FYI: http://bugs.sun.com/bugdatabase/view_bug.do?bug_id=6233917

This bug will be fixed in beta.

Thanks,
Dmitri
Java2D Team

It’s one of the top 5 things that professional C++ games devs in mainstream games industry cite as “things I’d need to be able to seriously develop games in java on console”. IIRC, reasoning is that an awful lof of modern games mem management is … odd … yet entirely predictable - textures are the most obvious example. It’s relatively easy to do coarse-grained mem-management at the heap level, directed by the scenegraph and/or loading of new levels (load new level => throw away your level-geometry-heap) that is more effective than a general-purpose heap manager would be, yet cost very little in programmer time.

Not that I ever sent you my collated list of such things ( I need to cull down some 20 odd pages of conversations and anonymize all speakers :frowning: ), but off the top of my head the other major ones included:

  • ability to load an entire serialized chain of game-data (hundreds of megabytes) directly into memory, raw direct from disk, and use it immediately with no post-processing (console CPU’s are slow. Console DVD-read performance is poor)
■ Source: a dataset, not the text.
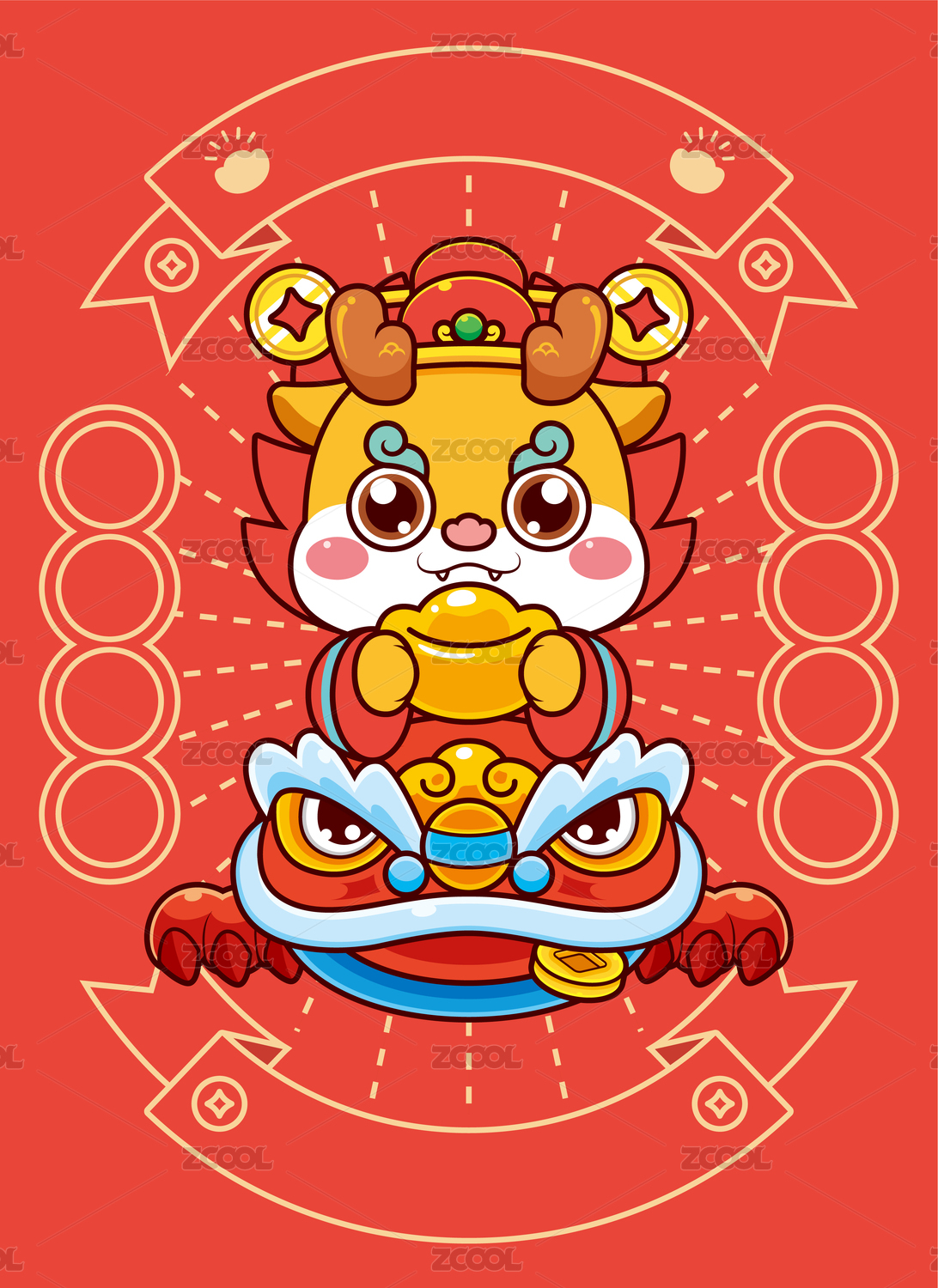 新年,春节,龙年,龙,可爱,卡通,喜庆,贴纸,节日庆典,吉祥物

Can you imagine how easy it would be to find + fix memory leaks if I could have a “grexengine heap”, a “3rd party modules heap”, a “JDBC driver heap” etc? :wink:

Blah^3 hti it on the head - having multiple heaps would simplify things where you need large blocks of data for various purposes. I would love to allocate a block for a levels data and objects then throw it all away when done. We basically do the same thing with vertex array data now using nio and indexes into the data, but so much more could be done if we could choose to allocate objects in different memory heaps. As it is now, memory leaks in Java games are very easy to create and hard to isolate because of mixing and matching nio data with non-nio objects. Given that garbage collection/simplified memory management is supposed to be a selling point of Java for gaming, in practice it’s not.

One way to implement multiple heaps might be to make use of JSR 121 (Isolates).
http://www.jcp.org/en/jsr/detail?id=121

Each isolate would have its own heap which is discarded when the isolate completes.